- Born: February 3, 1948 (age 78) Su-won, South Korea
- Occupation: Chairman of National Academy of Engineering of Korea
- Known for: CEO of POSCO

= Chung Joon-yang =

South Korean businessman and former POSCO chief executive officer

Chung Joon-Yang (born February 3, 1948) is a South Korean businessman, former POSCO chief executive officer, who presently serves as Chairman of National Academy of Engineering of Korea.

==Biography==
Chung joined POSCO as an associate in 1975. He has contributed to the improvement of the competitiveness of POSCO, leading the development of major technology.
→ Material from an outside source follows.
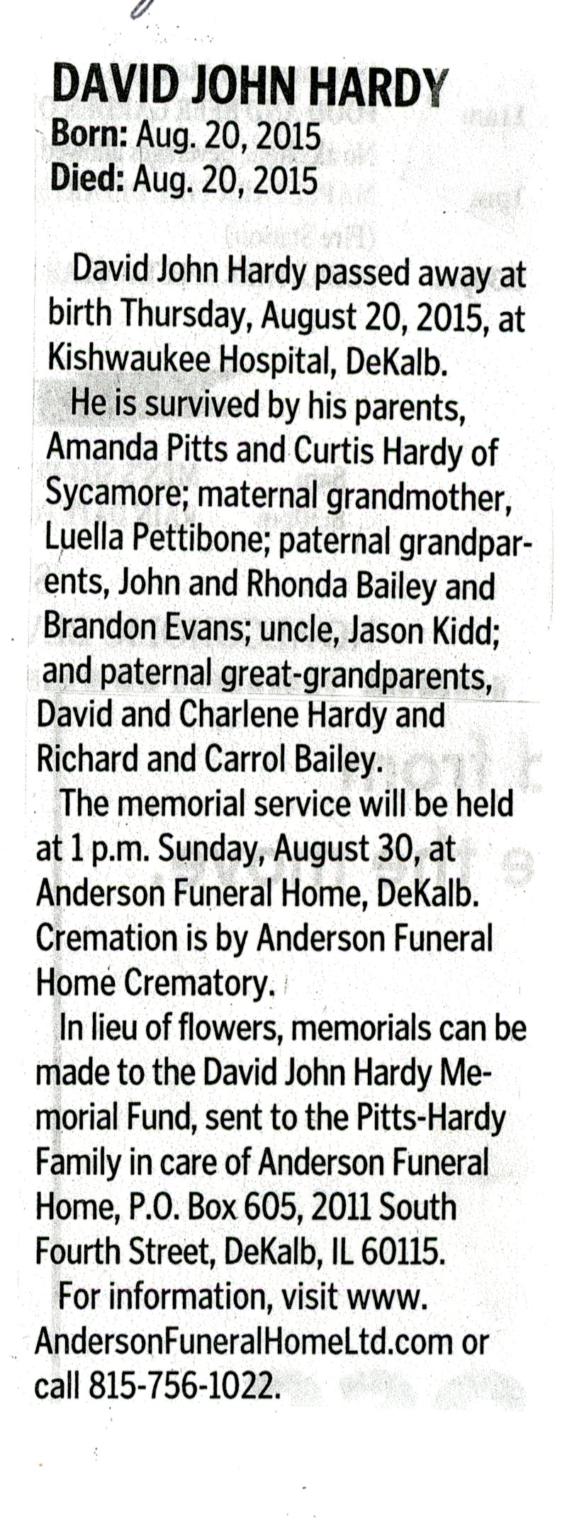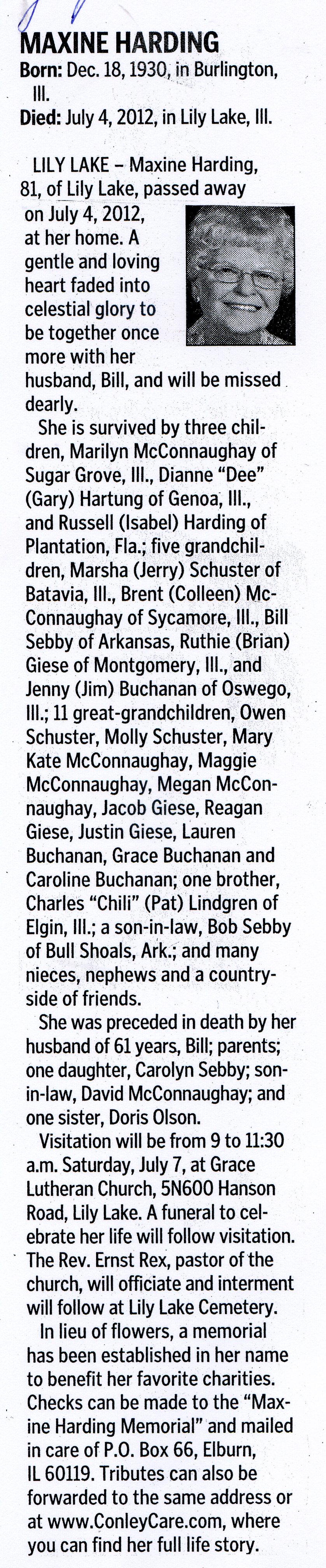 Second obit from DeKalb Daily Chronicle 8/17/2000

He served as chief of Po-hang Iron and Steel Company's branch in Belgium and later served as vice manager of Iron and Steel Making Plant Group at Gwang-yang steelwork in 2003 and was promoted to the chief of Gwang-yang steelwork in 2004. Also, he was the director of the manufacturing technology department and the vice-president of POSCO in 2006. Furthermore, he was appointed as the CEO of POSCO E&C in 2008 and rose to the CEO of POSCO in February, 2009. In addition, he has been the 8th executive director of POSTECH from April, 2011. Moreover, he was appointed as the chief of National Academy of Engineering of Korea.

==Education==
- 1966 Seoul National University High School
- 1975 Seoul National University, Technical Education bachelor's degree
- 1999 Sunchon National University, Metal Engineering master's degree

==Career==
- 1975.03 Joining Pohang Iron & Steel Co.
- 1975.04~1984.09 Manager of Steel Manufacture Technology at Pohang Iron & Steel Company in Pohang
- 1984.10~1991.07 Chief of 1st Steel Manufacture at Pohang Iron & Steel Company's in Gwangyang
- 1991.07~1998.12 Chief of Steel Production Technology at Pohang Iron & Steel Company
- 1999.01~2002.03 Chief of Pohang Iron & Steel Company in EU Branch
- 2002.03~2003.03 Director of POSCO in EU Branch
- 2003.03~2004.03 Vice Director of the Iron & Steel Making Department in Gwangyang
- 2004.03~2006.02 Director of POSCO in Gwangyang
- 2006.02~2007.02 Vice President of POSCO in the Manufacturing Technology
- 2007.02~2008.11 President POSCO in the Manufacturing Technology
- 2008.11~2014.03 CEO of POSCO
- 2009.03~ Present Chairman of 7th Korea Iron & Steel Association
- 2009.10~ Present Member of the executive committee in International Iron and Steel Institute
- 2011.03~Present, Representative of multi-cultural families forum
- 2011.06~ Present, President of National Academy of Engineering of Korea

==Major activities==
- 2004.03~ Present, International Iron and Steel Institute, technical subcommittee, regular member
- 2006.03~ Present, The Federation of the Korean Industries, Small And Medium Business Collaboration Center, director
- 2007.10~ Present, The Federation of the Korean Industries, Korea-Australia Economic Cooperation, chairman
- 2008.02~ Present, National Academy of Engineering of Korea, regular member
- 2008.10~ Present, Korean Institute of Metal and Materials, President

==Awards==
- 1992.10 A presidential citation (benefits for construction)
- 1994.04 Korean Institute of Metal, technological prize
- 2007.05 Gold Tower Order of Industrial Service Merit
- 2008 The 8th prize of honored citizen
- 2009 CEO of this year selected by MAEGYEONG Economy
- 2011 The 9th most honored enterpriser
- 2011 Grand prized CEO of Korea in manufacturing industry
- 2012 The figure of moving Korean economy

==Performance==
When he was chief of Gwangyang steel mill, he oversaw domestic production of advanced automotive steel sheet, which became a major profit center for POSCO. He also supervised the development of equipment and technology for automotive steel production at the Gwangyang lant, which had an annual production capacity of 6.5 million tons.